To ensure you understand whether this fund is suitable for you, please read the Key Investor Information Document, which is available, along with the fund’s Prospectus, from chelseafs.co.uk or artemis.co.uk.

The value of any investment, and any income from it, can rise and fall with movements in stockmarkets, currencies and interest rates. These can move irrationally and can be affected unpredictably by diverse factors, including political and economic events. This could mean that you won’t get back the amount you originally invested.

The fund’s past performance should not be considered a guide to future returns.

The payment of income is not guaranteed.

Because one of the key objectives of the fund is to provide income, the annual management charge is taken from capital rather than income. This can reduce the potential for capital growth.

The fund may use derivatives (financial instruments whose value is linked to the expected price movements of an underlying asset) for investment purposes, including taking long and short positions, and may use borrowing from time to time. It may also invest in derivatives to protect the value of the fund, reduce costs and/or generate additional income. Investing in derivatives also carries risks, however. In the case of a ‘short’ position, for example, if the price of the underlying asset rises in value, the fund will lose money.

The fund may invest in emerging markets, which can involve greater risk than investing in developed markets. In particular, more volatility (sharper rises and falls in unit prices) can be expected.

The fund may invest in fixed-interest securities. These are issued by governments, companies and other entities and pay a fixed level of income or interest. These payments (including repayment of capital) are subject to credit risks. Meanwhile, the market value of these assets will be particularly influenced by movements in interest rates and by changes in interest-rate expectations.

The fund may invest in higher yielding bonds, which may increase the risk to your capital. Investing in these types of assets (which are also known as sub-investment grade bonds) can produce a higher yield but also brings an increased risk of default, which would affect the capital value of your investment.

The fund holds bonds which could prove difficult to sell. As a result, the fund may have to lower the selling price, sell other investments or forego more appealing investment opportunities.

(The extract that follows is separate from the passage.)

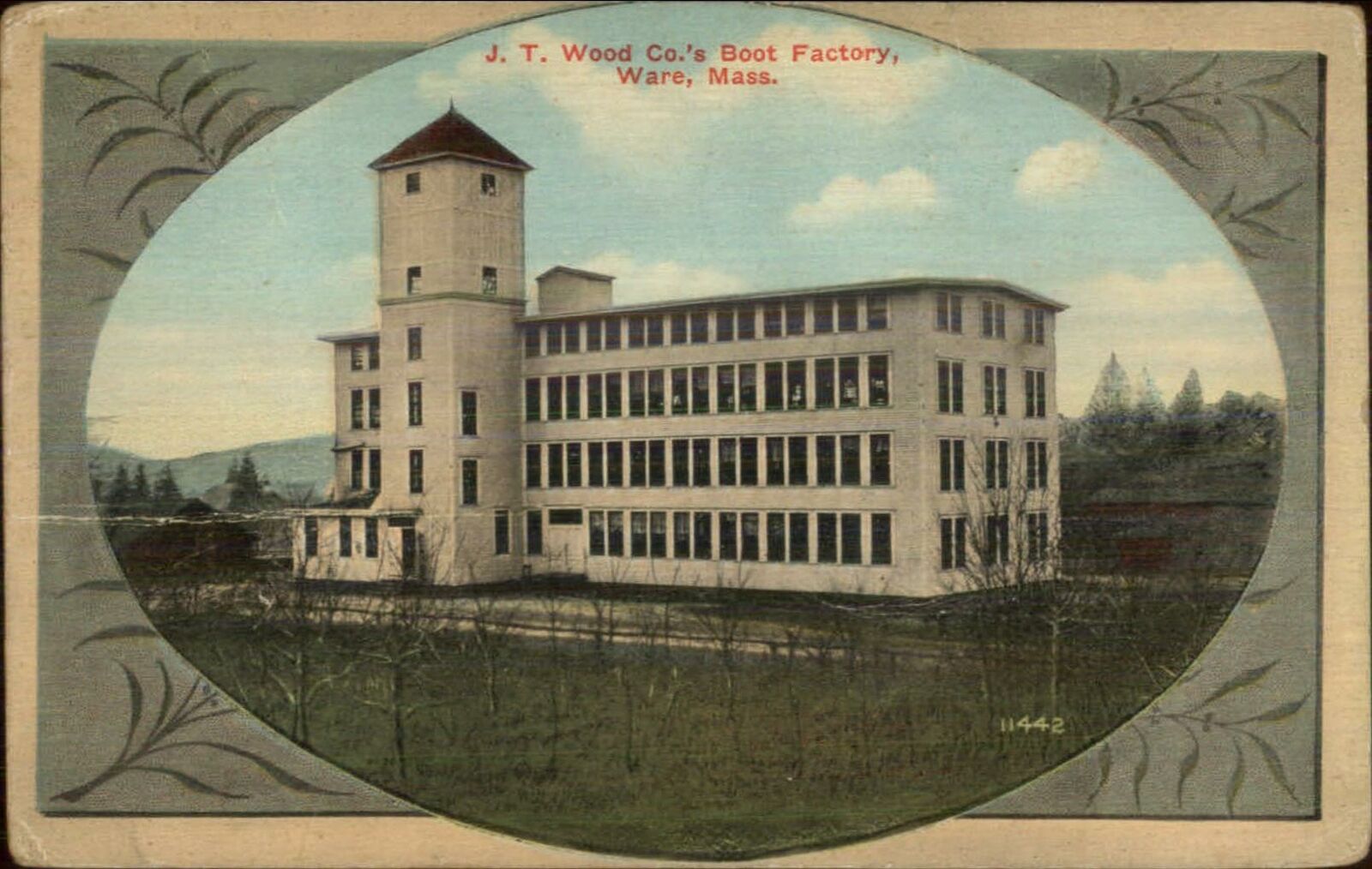 Ware MA JT Wood Co Boot Factory c1910 Postcard

The historic yield reflects distribution payments declared by the fund over the previous year as a percentage of its mid-market unit price. It does not include any preliminary charge. Investors may be subject to tax on the distribution payments that they receive.

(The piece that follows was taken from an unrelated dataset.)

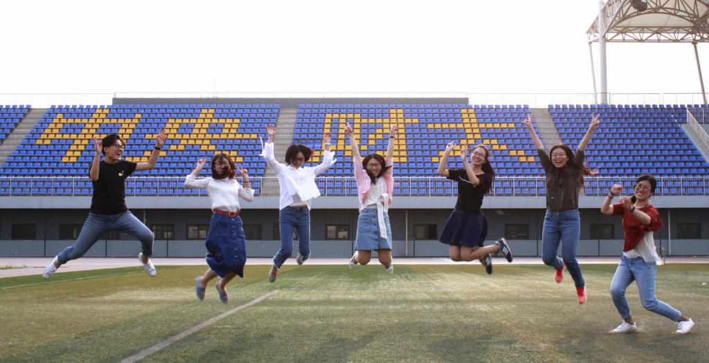 随后,同学们带领员工来到了suncitygroup太阳集团的根据地——体育馆和操场看台。一到操场,大家就被看台上硕大的“中央财大”和“CUFE”字样所吸引,迫不及待地要在这两个字样前合影留念,为自己这次归宁母校留下美好的记忆。

The additional expenses of the fund are currently capped at 0.14%. This has the effect of capping the ongoing charge for the class I units issued by the fund at 0.89% and for class R units at 1.64%. Artemis reserves the right to remove the cap without notice.

Any research and analysis in this communication has been obtained by Artemis for its own use. Although this communication is based on sources of information that Artemis believes to be reliable, no guarantee is given as to its accuracy or completeness.

Any forward-looking statements are based on Artemis’ current expectations and projections and are subject to change without notice.

Issued by Artemis Fund Managers Ltd which is authorised and regulated by the Financial Conduct Authority.